The notion web elements are critical for perceiving websites in a glance was supported in the second study, where the size and resolution of websites were systematically manipulated. The results demonstrated that when the size of the stimulus decreased, sensitivity for detecting websites was diminished with the exception of search websites. Search websites typically lacked pictures and had other distinct visual attributes such as a high proportion of white and blue pixels that appear to have been resilient to decreases in stimulus size. However, for news, shopping, and social networks/blogs, decreases in stimulus size profoundly affected sensitivity, probably because the small stimulus sizes reduced the distinguishability of local features, such as pictures, text, or other web elements. This provided evidence that web elements were likely significant contributors to the detection of websites in this research. We performed several supplementary analyses of our stimulus set, including quantifying the average number of black, white, red, green, and blue pixels per website category and the average number of pictures of people and other objects per website category. The supplementary analyses and the original stimulus set may be downloaded from https://scholarworks.sjsu.edu/psych_pub/28/.

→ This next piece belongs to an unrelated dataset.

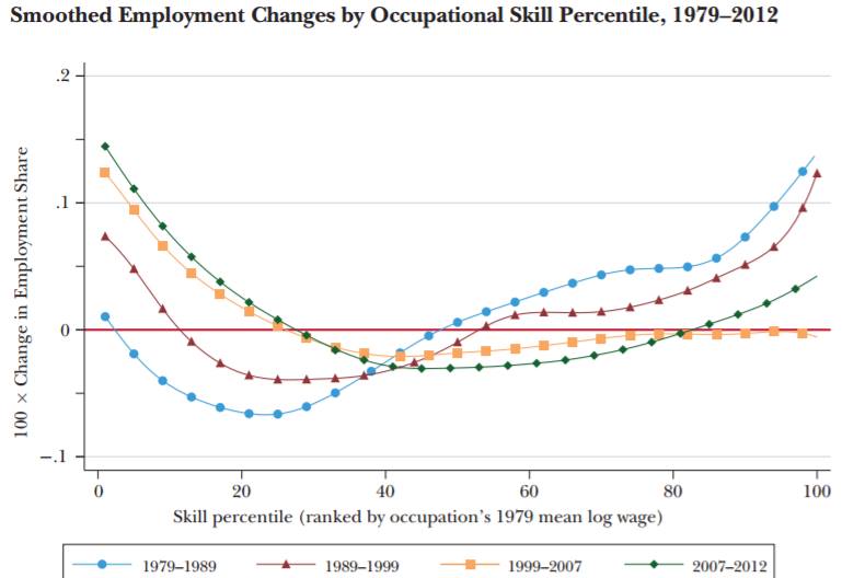 If you look at a graph with the income a specific job provides arranged from left to right, with minimum wage on the far left, and CEOs on the right, and setup the vertical axis to show jobs lost or gained, what you will find is that while we have actually gained jobs over all, those gains have all been on the far left (minimum wage jobs, not worth automating) and on the right (jobs the require creativity, education, deep understanding, etc... which can not yet be automated). In the center, jobs where humans do hard, repetitive, mechanical work that does not require great education, are actually being lost.

Overall, this research provides support for the idea that participants use local features or web elements, such as pictures and their content, for detecting news websites, shopping websites, and social networks/blogs. The duration of the SOAs for each type of website in this study would support the processing of a few local features, which was likely sufficient to detect targets during the RSVP streams. How search websites were detected was less clear. It is plausible that both web elements found on websites, or the global features of search websites, may have contributed to their detection.

It is interesting that participants could detect category targets of websites with above chance accuracy with such brief exposures. This strongly suggests that participants have schematic representations of websites for these particular genres. Additionally, this implies that such schemas are not necessarily unique to specific websites in the genre. For instance, if a user has a conceptual model of a shopping website, their model would be applicable to multiple shopping websites, like eBay or Amazon, instead of only a specific shopping website.

This research also suggests that conceptual information about websites can be extracted from small screenshots with, in some cases, subpar resolution. These findings are directly applicable to interfaces that use thumbnails of websites, such as smartphones or web browsers that display favorite or frequently visited websites. The SOAs, presentation times, stimulus sizes, and stimulus resolutions provide some guidance about the image quality and display rate necessary to facilitate rapid scanning of thumbnails and how variations may affect user performance.

Our results suggest that both global and local aspects of websites need to be taken into consideration during product development life cycles. This research, in conjunction with previous research on first impressions of websites, illustrates that a multitude of information, such as the quality of the website and other semantic information, can be perceived from websites within a glance. This information ranges from global characteristics of web pages (e.g., visual appeal) to specific elements found on web pages (e.g., pictures). Research has shown that such quick judgments are stable for extended viewing durations and it may be posited that extracted semantic information can influence user behavior during extended interaction. Designers and developers may need to consider perception and conceptualizations of websites from the first glance to extended periods of interaction. If designers and developers ignore early perceptual and conceptual aspects of websites, they may be handicapping the usability and interaction of the website in later interactions by ignoring information gleaned much earlier.